In its 2018 budget, the province also laid out plans to boost funding for the cultural sector and open tax credits to digital-only projects.

Quebec finance minister Carlos Leitão has followed through on a pledge to begin collecting sales tax on foreign-based digital services.

The provincial budget for 2018/19, announced March 27, says the measure will come into effect starting Jan. 1, 2019.

“Foreign suppliers whose business income from providing taxable supplies, intangibles and services in Québec including online provision of digital content (music or film, for example) to Québec consumers exceeds $30,000 per year will be obliged to register for the QST system and will be required to collect QST and remit it to Revenu Québec,” read the budget document, which added that Quebec’s is the “first government in Canada to tackle this challenge.”

In recent months, the Quebec government has grown increasingly critical of the federal government’s reluctance to tax digital companies headquartered outside of Canada. In November, Quebec finance minister Carlos Leitao sent a letter to federal finance minister Bill Morneau saying that “Quebec will have no choice but to act alone” if the federal government did not come to an arrangement to collect sales tax on foreign-based digital firms.

The provincial move to tax digital giants, including Netflix, Amazon and Facebook, was applauded by some members of the local industry. In a statement issued following the budget’s unveiling, Quebecor president and CEO Pierre Karl Péladeau, who has been vocal on the subject, welcomed the decision and called out the federal government for refusing to tax foreign-based digital companies.

Hélène Messier, president and CEO of the Quebec Association of Media Production (AQPM), also welcomed the move, saying it would help restore a certain equity between Quebec companies and foreign-based digital businesses operating in the same space.

In other budget news, the provincial government also pledged $509 million by 2022-2023 to implement a number of new cultural policy objectives.

Of that $509 million, the 2018 budget earmarked $116.3 million over the next five years to invest in Québec culture in the digital environment, including a significant change in the provincial tax credits. Going forward, screen-based projects destined only for digital platforms are now also eligible for a rebate (previously, digital projects were eligible only when they were also broadcast on television or screened in a movie theatre). The boost will see $11.6 million added to the total tax-credit pot over the next five years. The move also brings Quebec’s provincial tax credit into line with federal ones, after CAVCO last year altered its guidelines to make projects distributed solely via online platforms eligible for the credit.

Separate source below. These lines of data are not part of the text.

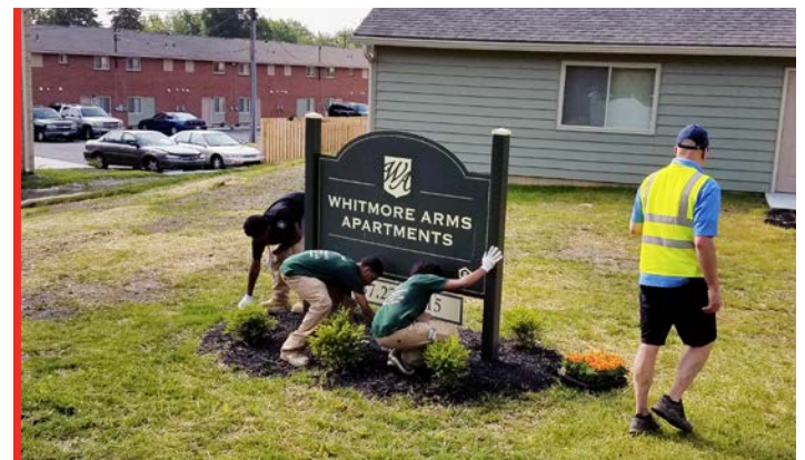
YOUTHBUILD VOLUNTEERS PLANT FLOWERS AT WHITMORE ARMS

Volunteers spent the day planting flowers, spreading topsoil, and seeding lawns.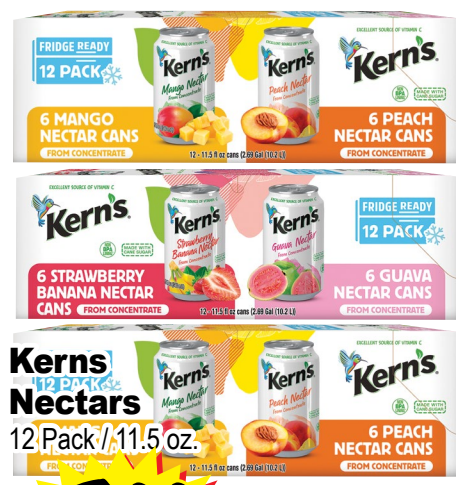
Kern's Nectars 12 Pack / 11.5 oz.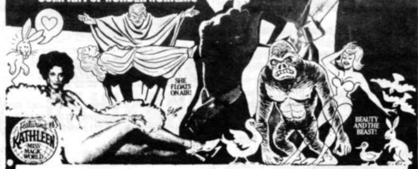
SHE FLIES ON AIR!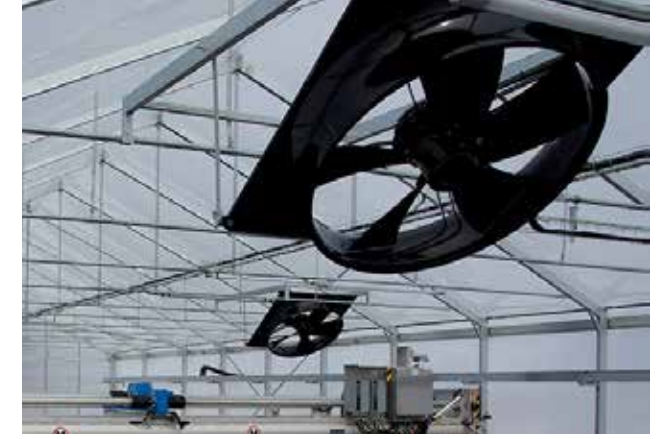
Recirculation air ventilators ensure improved evaporation.

“Extending the tax credit is an update required for the new reality of the audiovisual market that will better support Québec artists and creators,” read the budget document.

In addition, the province increased its tax credit for film dubbing by $3 million over five years. 

Also included in the $116.3 million funding boost earmarked for supporting digital growth, the government pledged $40 million to “support cultural enterprises with the digital shift” (with more details to be announced by the Minister of Culture and Communications at a later date) and $64.7 million to implement a tax credit to support the digital transformation of print media companies.

As well, the budget also increased the funding for SODEC (Société de développement des entreprises culturelles) and CALQ (Conseil des arts et des lettres du Québec) by a combined $100 million over five years.